**MATERIAL FOR THIS EXERCISE:**
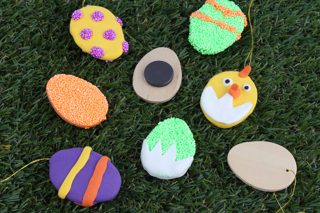 Leiren fester seg lett til andre materialer. Her har vi brukt egg i finér både med og uten oppheng. Vi har limt på magneter på de eggene uten oppheng, slik at man kan dekorere kjøleskapet med de.
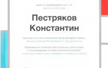 2006 г. - ГОУ ДПО Новокузнецкий ГИУВ по специальности СТОМАТОЛОГИЯ ОРТОПЕДИЧЕСКАЯ
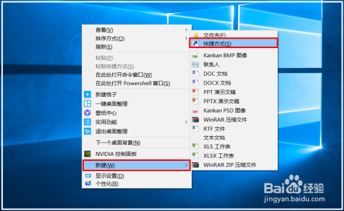 右键点击系统桌面空白处 - 新建 - 快捷体例;
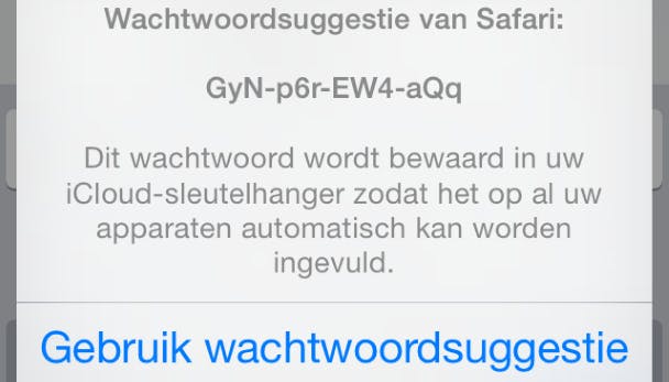 Je iPhone is in staat om nieuwe wachtwoorden te genereren. Schakel eerst iCloud Sleutelhanger in door naar Instellingen / iCloud te navigeren. Log in met je Apple ID en verzin een viercijferige pincode. Je voegt voor de veiligheid daarna een telefoonnummer toe, waarna je bevestigt met Volgende. Open Safari en creëer bij een webdienst een nieuw account. Tik het wachtwoordveld aan en kies voor Suggestie voor wachtwoord / Gebruik wachtwoordsuggestie.
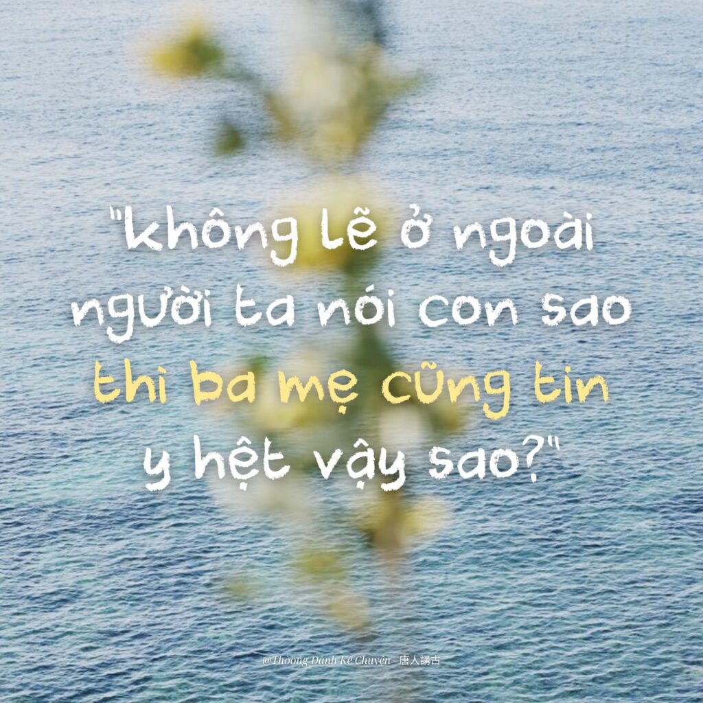 Cha mẹ hiếm khi hiểu trọn vẹn những gì con mình đang làm. Không phải vì họ thờ ơ, mà vì trong lòng luôn có một nỗi lo âm ỉ, sợ đứa con bước ra ngoài kia rồi biến thành điều gì đó họ không kịp nhận ra. Thế giới bên ngoài với họ giống như một căn nhà xa lạ, đèn mở sáng mờ mờ, ồn ào tiếng người, và quá nhiều cánh cửa không biết phải tra chìa thế nào. Cho nên, chỉ cần nghe người ta nói đôi câu, lòng họ đã chao đảo; thấy một lời đồn, trán họ đã nhăn lại; ai hỏi “Con dạo này thế nào?” là miệng họ cười cho qua nhưng tim lại đập thình thịch, sợ lỡ nói sai về chính đứa con của mình.
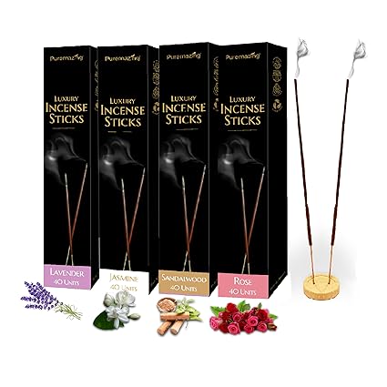 Puremazing Incense Stick|Lavender, Sandalwood, Jasmine, Pink Rose 160 Dhoop Sticks |Natural Incense Stick | Dhoop Sticks with Long Lasting Fragrance | Non Toxic | Agarbatti for Pooja & Havan
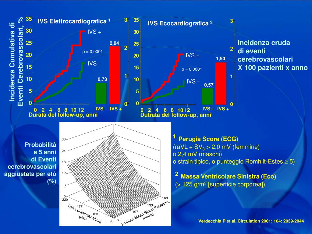 3 5 IVS Elettrocardiografica 1 3 3 5 3 IVS Ecocardiografica 2 IVS + 3 0 3 0 Incidenza cruda di eventi cerebrovascolari X 100 pazienti x anno 2,04 2 5 2 5 2 2 p = 0,0001 IVS + 2 0 Incidenza Cumulativa di Eventi Cerebrovascolari, % 2 0 1,50 IVS - 1 5 1 5 p = 0,0001 1 1 0,73 1 0 1 0 IVS - 0,57 5 5 0 0 0 0 IVS - IVS + IVS - IVS + 0 10 12 2 4 6 8 2 4 6 8 0 12 10 Durata del follow-up, anni Dutrata del follow-up, anni 1Perugia Score (ECG) (raVL + SV3 > 2,0 mV (femmine) o 2,4 mV (maschi) o strain tipico, o punteggio Romhilt-Estes 5) Probabilità a 5 anni di Eventi cerebrovascolari aggiustata per etò (%) 2Massa Ventricolare Sinistra (Eco) (> 125 g/m2 [superficie corporea]) Verdecchia P et al. Circulation 2001; 104: 2039-2044
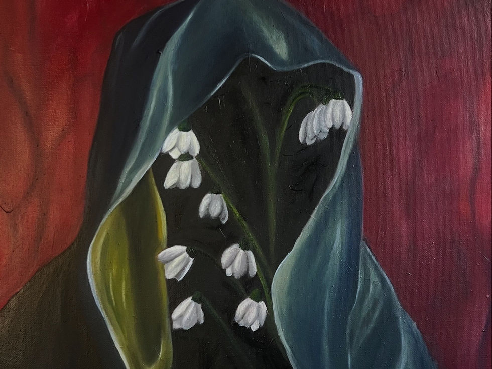 Custodia Innecontiae zeigt eine fragile Gruppe von Schneeglöckchen, die behutsam von einer dunklen, gesichtslosen Figur umhüllt und beschützt werden – wie ein Wächter der Unschuld. Das schattenhafte Tuch wirkt wie ein stiller Hüter, der sich selbst auflöst, um das Zarte zu bewahren. Der Hintergrund in tiefen Rottönen, durchzogen von feinen Adern, erinnert an pulsierendes Leben – als würde man in das schlagende Herz einer schützenden Seele blicken. Die Schneeglöckchen stehen für Reinheit, Neubeginn und Hoffnung, eingebettet in ein Bild von stiller Fürsorge und seelischer Tiefe. Custodia Innecontiae ist ein Werk über Verletzlichkeit, Schutz und die stille Kraft, das Unversehrte zu bewahren – selbst inmitten innerer Stürme.
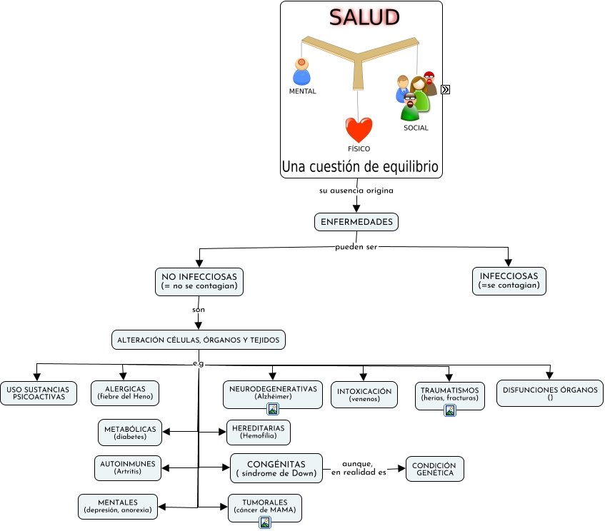 Este Cmap, tiene información relacionada con: Tema 02.02.02 Enfermedades no infecciosas, ALTERACIÓN CÉLULAS, ÓRGANOS Y TEJIDOS e.g CONGÉNITAS ( síndrome de Down), ALTERACIÓN CÉLULAS, ÓRGANOS Y TEJIDOS e.g METABÓLICAS (diabetes), ALTERACIÓN CÉLULAS, ÓRGANOS Y TEJIDOS e.g USO SUSTANCIAS PSICOACTIVAS, ESTADO COMPLETO BIENESTAR formado por la triada SOCIAL, ALTERACIÓN CÉLULAS, ÓRGANOS Y TEJIDOS e.g INTOXICACIÓN (venenos), ENFERMEDADES pueden ser INFECCIOSAS (=se contagian), ALTERACIÓN CÉLULAS, ÓRGANOS Y TEJIDOS e.g NEURODEGENERATIVAS (Alzhéimer), ESTADO COMPLETO BIENESTAR formado por la triada BIESTAR FÍSICO, ALTERACIÓN CÉLULAS, ÓRGANOS Y TEJIDOS e.g AUTOINMUNES (Artritis), NO INFECCIOSAS (= no se contagian) son ALTERACIÓN CÉLULAS, ÓRGANOS Y TEJIDOS, ENFERMEDADES pueden ser NO INFECCIOSAS (= no se contagian), ALTERACIÓN CÉLULAS, ÓRGANOS Y TEJIDOS e.g DISFUNCIONES ÓRGANOS (), ESTADO COMPLETO BIENESTAR formado por la triada BIENESTAR MENTAL, ALTERACIÓN CÉLULAS, ÓRGANOS Y TEJIDOS e.g ALERGICAS (fiebre del Heno), ALTERACIÓN CÉLULAS, ÓRGANOS Y TEJIDOS e.g HEREDITARIAS (Hemofilia), ALTERACIÓN CÉLULAS, ÓRGANOS Y TEJIDOS e.g MENTALES (depresión, anorexia), CONGÉNITAS ( síndrome de Down) aunque, en realidad es CONDICIÓN GENÉTICA, ALTERACIÓN CÉLULAS, ÓRGANOS Y TEJIDOS e.g TUMORALES (cáncer de MAMA), su ausencia origina ENFERMEDADES, ALTERACIÓN CÉLULAS, ÓRGANOS Y TEJIDOS e.g TRAUMATISMOS (herias, fracturas)
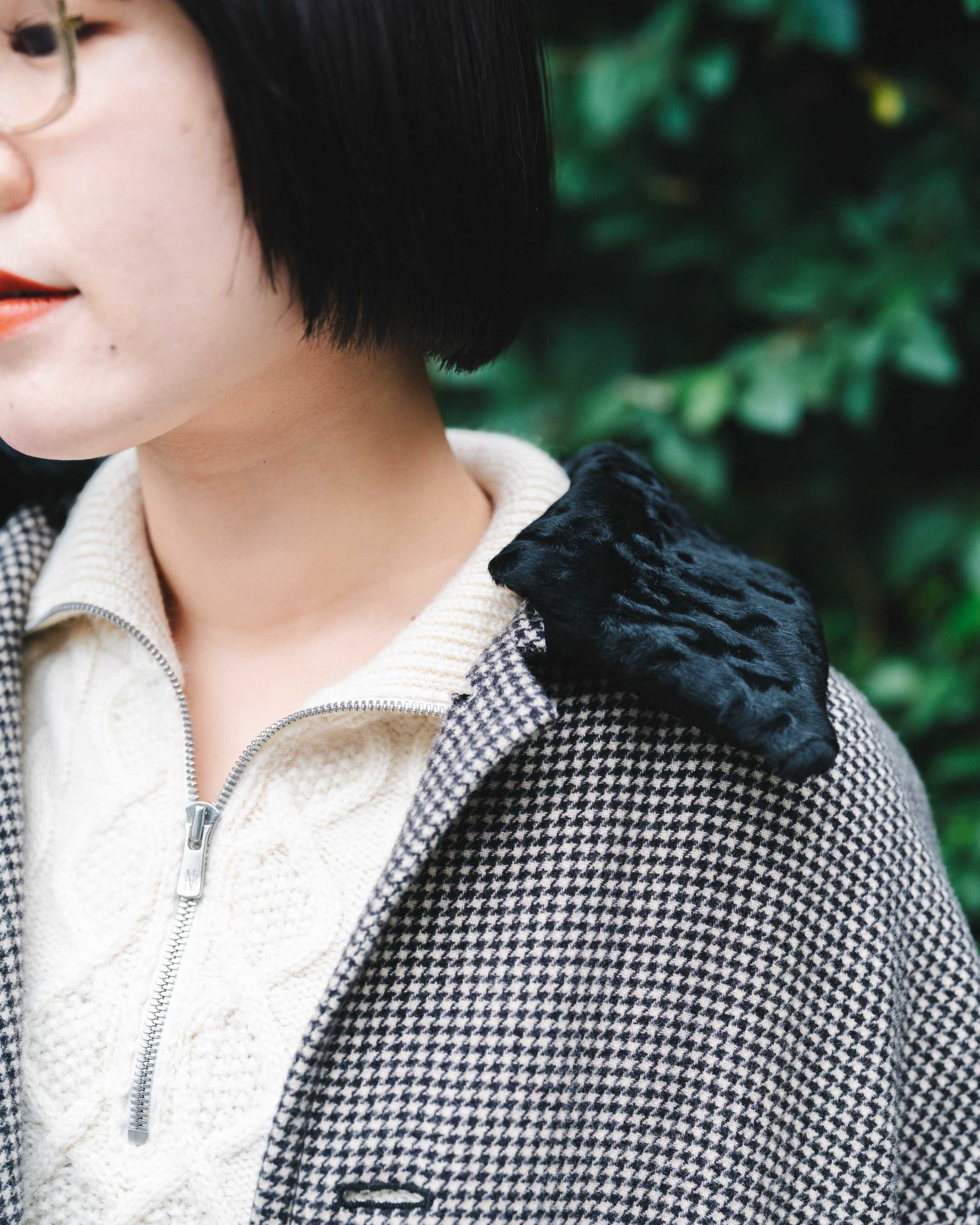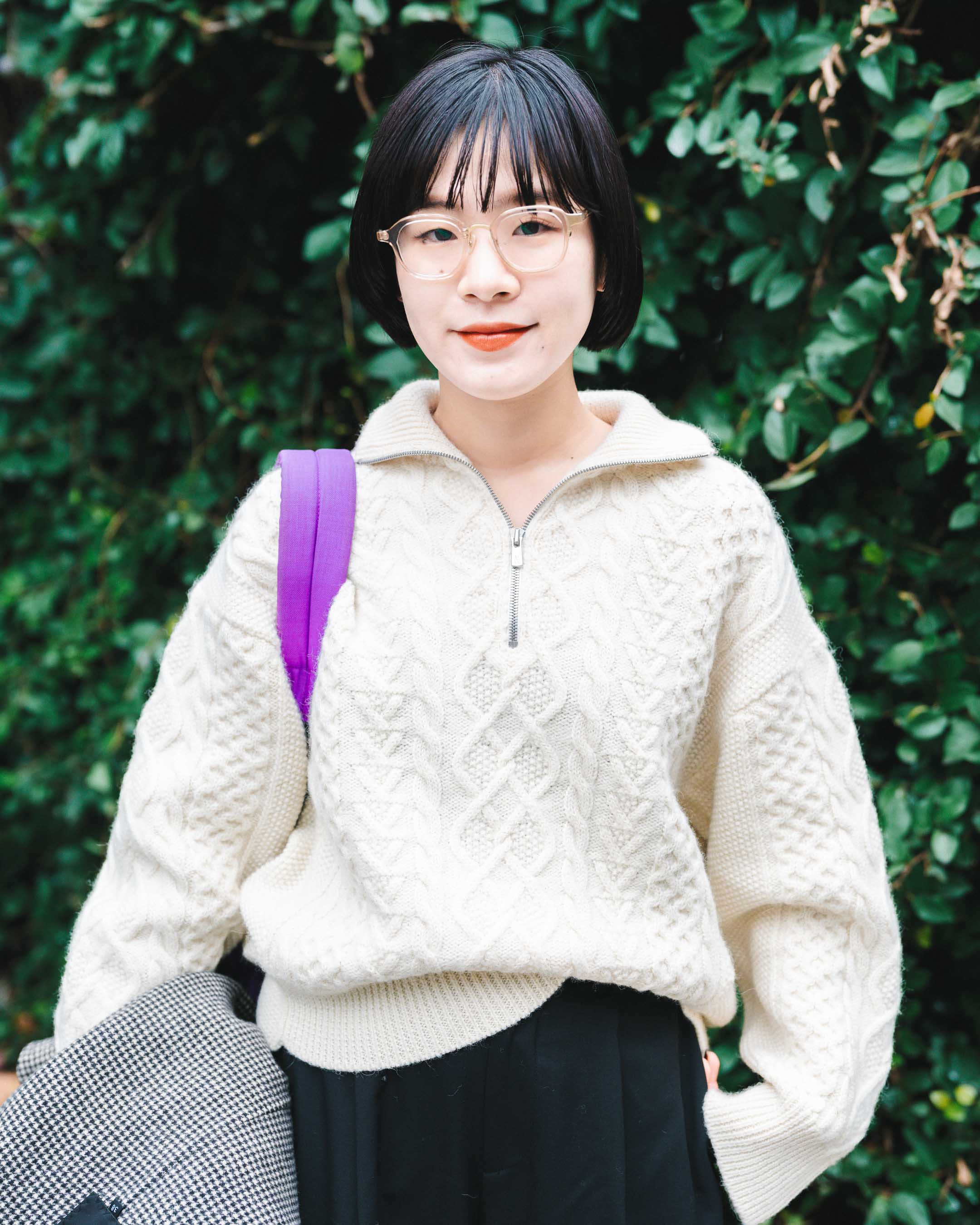 ハーフジップニットをメインに、カジュアルなアイテムと少しレディーなアイテムをミックスして。
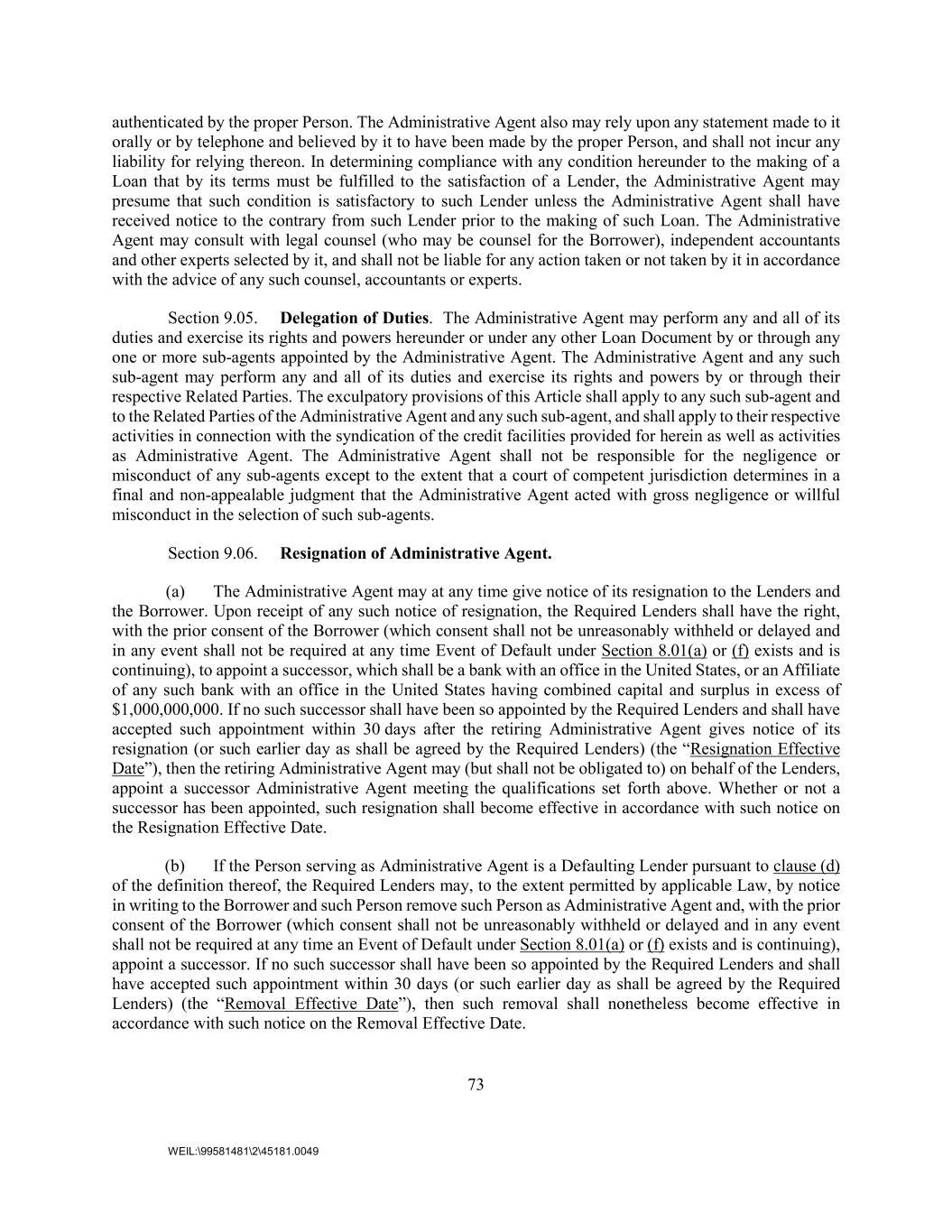 88 WEIL:\99581369\2\44393.0003 unless and until notice describing such Default is given in writing to the Administrative Agent by the Borrower or a Lender. The Administrative Agent shall not be responsible for or have any duty to ascertain or inquire into (i) any statement, warranty or representation made in or in connection with this Agreement or any other Loan Document, (ii) the contents of any certificate, report or other document delivered hereunder or thereunder or in connection herewith or therewith, (iii) the performance or observance of any of the covenants, agreements or other terms or conditions set forth herein or therein or the occurrence of any Default, (iv) the validity, enforceability, effectiveness or genuineness of this Agreement, any other Loan Document or any other agreement, instrument or document or (v) the satisfaction of any condition set forth in Article IV or elsewhere herein, other than to confirm receipt of items expressly required to be delivered to the Administrative Agent. Section 9.04. Reliance by Administrative Agent. The Administrative Agent shall be entitled to rely upon, and shall not incur any liability for relying upon, any notice, request, certificate, consent, statement, instrument, document or other writing (including any electronic message, Internet or intranet website posting or other distribution) believed by it to be genuine and to have been signed, sent or otherwise authenticated by the proper Person. The Administrative Agent also may rely upon any statement made to it orally or by telephone and believed by it to have been made by the proper Person, and shall not incur any liability for relying thereon. In determining compliance with any condition hereunder to the making of a Loan that by its terms must be fulfilled to the satisfaction of a Lender, the Administrative Agent may presume that such condition is satisfactory to such Lender unless the Administrative Agent shall have received notice to the contrary from such Lender prior to the making of such Loan. The Administrative Agent may consult with legal counsel (who may be counsel for the Borrower), independent accountants and other experts selected by it, and shall not be liable for any action taken or not taken by it in accordance with the advice of any such counsel, accountants or experts. Section 9.05. Delegation of Duties. The Administrative Agent may perform any and all of its duties and exercise its rights and powers hereunder or under any other Loan Document by or through any one or more sub-agents appointed by the Administrative Agent. The Administrative Agent and any such sub-agent may perform any and all of its duties and exercise its rights and powers by or through their respective Related Parties. The exculpatory provisions of this Article shall apply to any such sub-agent and to the Related Parties of the Administrative Agent and any such sub-agent, and shall apply to their respective activities in connection with the syndication of the credit facilities provided for herein as well as activities as Administrative Agent. The Administrative Agent shall not be responsible for the negligence or misconduct of any sub-agents except to the extent that a court of competent jurisdiction determines in a final and non-appealable judgment that the Administrative Agent acted with gross negligence or willful misconduct in the selection of such sub-agents. Section 9.06. Resignation of Administrative Agent. (a) The Administrative Agent may at any time give notice of its resignation to the Lenders and the Borrower. Upon receipt of any such notice of resignation, the Required Lenders shall have the right, with the prior consent of the Borrower (which consent shall not be unreasonably withheld or delayed and in any event shall not be required at any time Event of Default under Section 8.01(a) or (f) exists and is continuing), to appoint a successor, which shall be a bank with an office in the United States, or an Affiliate of any such bank with an office in the United States having combined capital and surplus in excess of $1,000,000,000. If no such successor shall have been so appointed by the Required Lenders and shall have accepted such appointment within 30 days after the retiring Administrative Agent gives notice of its

**WORK ORDER:** In the listing above, find the line containing "2006 г. - ГОУ" and the line containing "右键点击系统桌面空白处 - 新建 - 快捷体例;", then write out both of them and every line between, exactly, with no pictures.

**SOLUTION FOR THIS EXERCISE:**
 2006 г. - ГОУ ДПО Новокузнецкий ГИУВ по специальности СТОМАТОЛОГИЯ ОРТОПЕДИЧЕСКАЯ
 右键点击系统桌面空白处 - 新建 - 快捷体例;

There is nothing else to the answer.